# What is being asked
Output the lines from the top of the entries below to the line with "スタイル怠惰なスタイル肥厚ウールコート女性の秋と冬シックなゆったりとした高品質の膝丈ウールコート オータム 秋物", both included, exactly and without pictures.

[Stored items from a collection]

*** Begin section ***

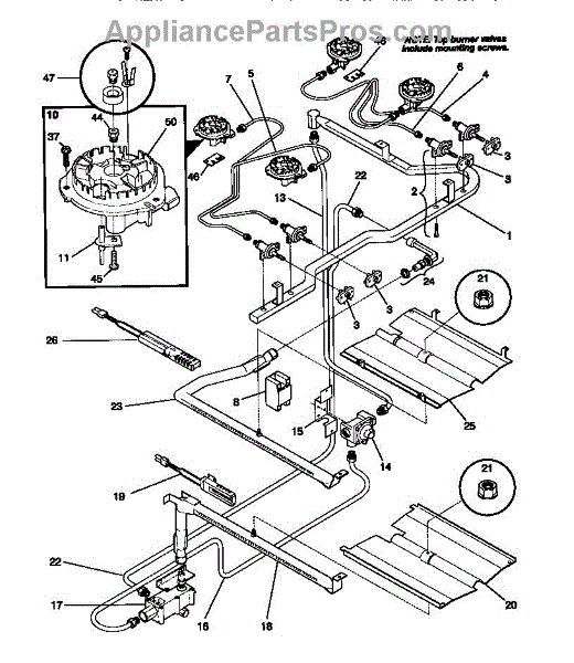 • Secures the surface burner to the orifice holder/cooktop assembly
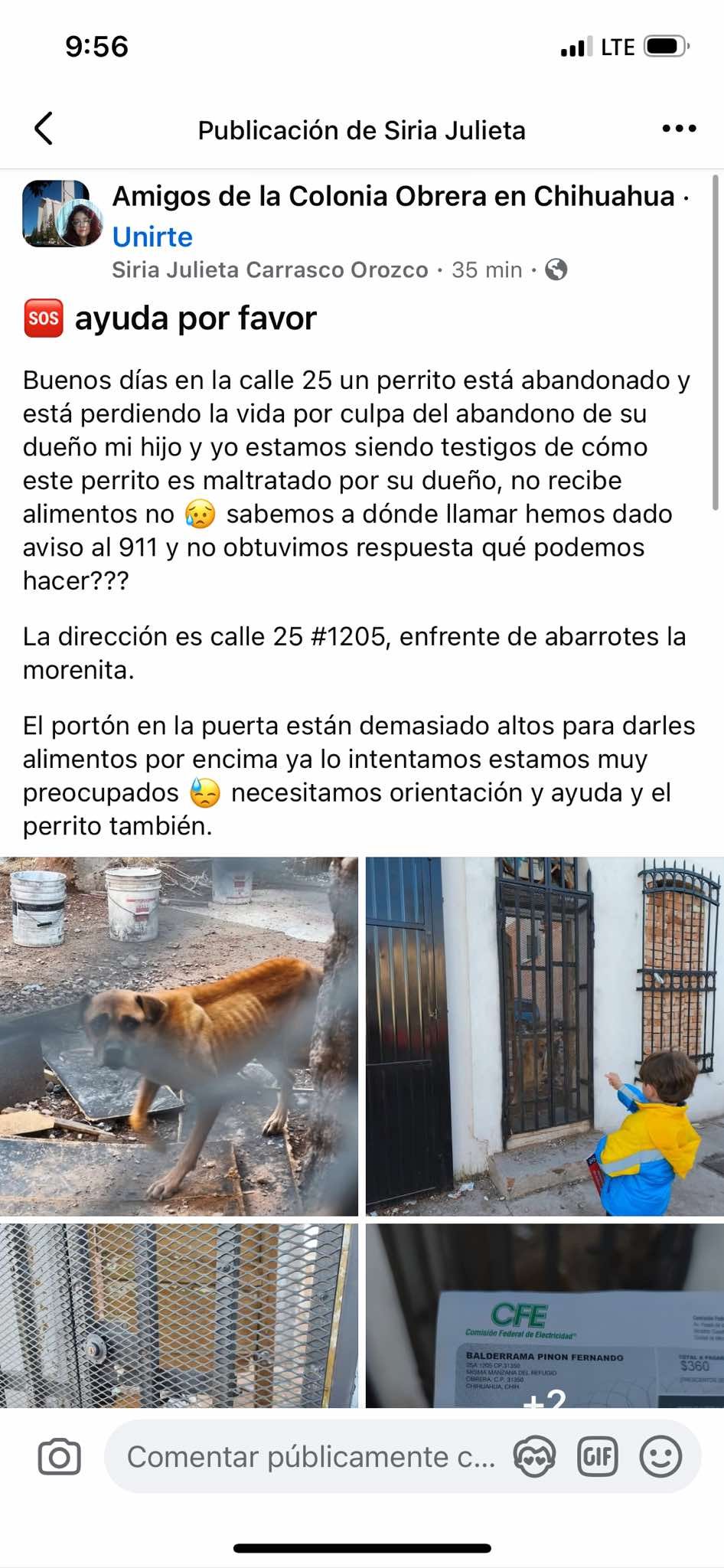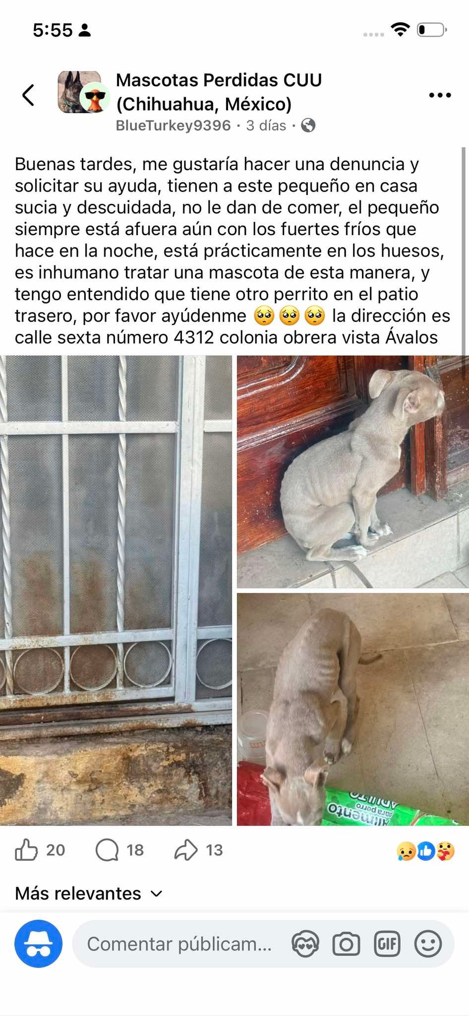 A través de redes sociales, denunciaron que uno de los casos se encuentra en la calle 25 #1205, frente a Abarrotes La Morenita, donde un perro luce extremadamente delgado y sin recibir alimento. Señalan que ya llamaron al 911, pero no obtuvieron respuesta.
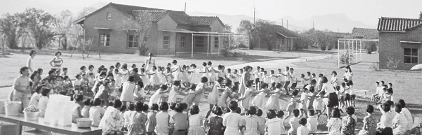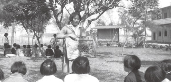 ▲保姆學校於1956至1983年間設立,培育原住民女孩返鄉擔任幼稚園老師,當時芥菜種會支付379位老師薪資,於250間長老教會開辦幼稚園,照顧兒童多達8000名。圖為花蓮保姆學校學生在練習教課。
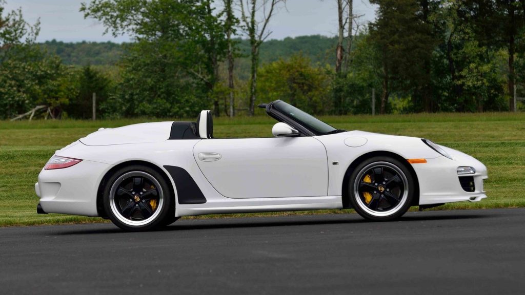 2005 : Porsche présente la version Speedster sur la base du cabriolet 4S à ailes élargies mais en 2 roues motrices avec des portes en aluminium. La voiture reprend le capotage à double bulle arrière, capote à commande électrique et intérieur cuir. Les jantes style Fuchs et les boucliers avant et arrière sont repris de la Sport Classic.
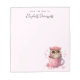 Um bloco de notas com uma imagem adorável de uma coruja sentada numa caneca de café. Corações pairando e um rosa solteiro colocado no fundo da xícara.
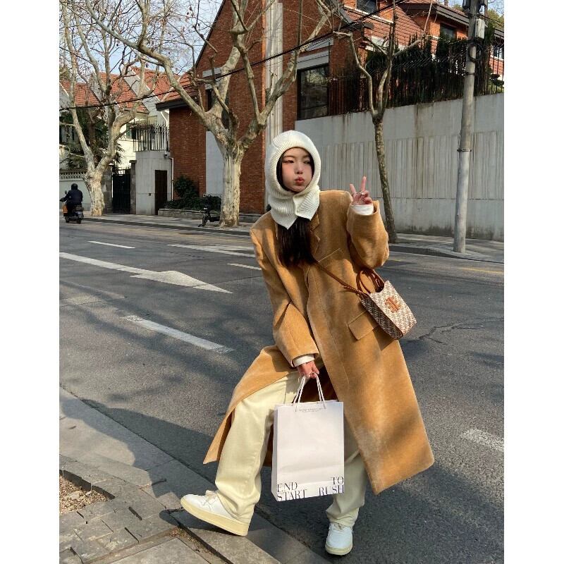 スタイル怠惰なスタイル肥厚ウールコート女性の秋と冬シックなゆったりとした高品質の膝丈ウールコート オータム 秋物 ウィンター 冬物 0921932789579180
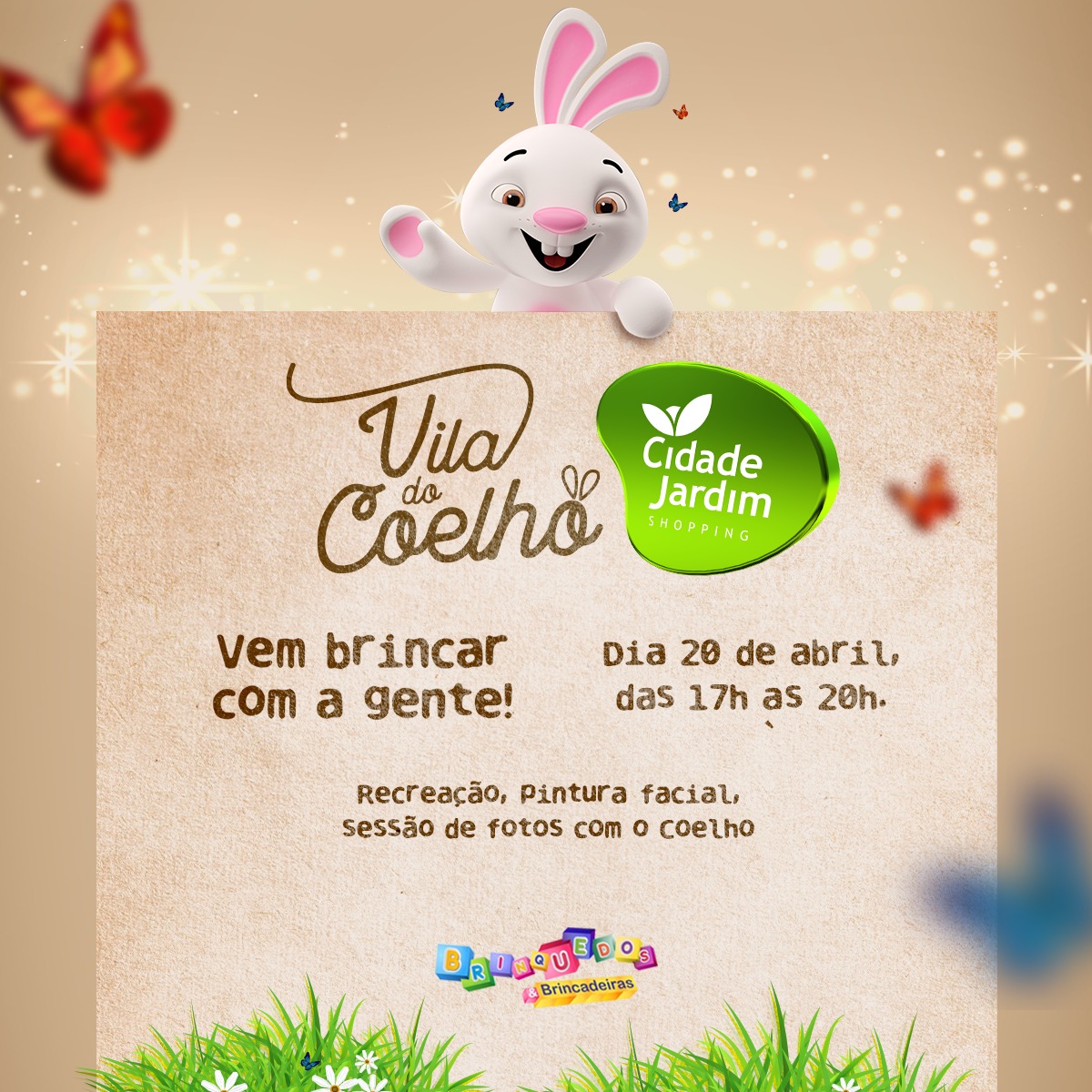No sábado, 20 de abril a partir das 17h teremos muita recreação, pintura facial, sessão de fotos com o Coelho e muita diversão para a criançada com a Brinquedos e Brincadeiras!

*** End section ***

# Task output
 • Secures the surface burner to the orifice holder/cooktop assembly
 A través de redes sociales, denunciaron que uno de los casos se encuentra en la calle 25 #1205, frente a Abarrotes La Morenita, donde un perro luce extremadamente delgado y sin recibir alimento. Señalan que ya llamaron al 911, pero no obtuvieron respuesta.
 ▲保姆學校於1956至1983年間設立,培育原住民女孩返鄉擔任幼稚園老師,當時芥菜種會支付379位老師薪資,於250間長老教會開辦幼稚園,照顧兒童多達8000名。圖為花蓮保姆學校學生在練習教課。
 2005 : Porsche présente la version Speedster sur la base du cabriolet 4S à ailes élargies mais en 2 roues motrices avec des portes en aluminium. La voiture reprend le capotage à double bulle arrière, capote à commande électrique et intérieur cuir. Les jantes style Fuchs et les boucliers avant et arrière sont repris de la Sport Classic.
 Um bloco de notas com uma imagem adorável de uma coruja sentada numa caneca de café. Corações pairando e um rosa solteiro colocado no fundo da xícara.
 スタイル怠惰なスタイル肥厚ウールコート女性の秋と冬シックなゆったりとした高品質の膝丈ウールコート オータム 秋物 ウィンター 冬物 0921932789579180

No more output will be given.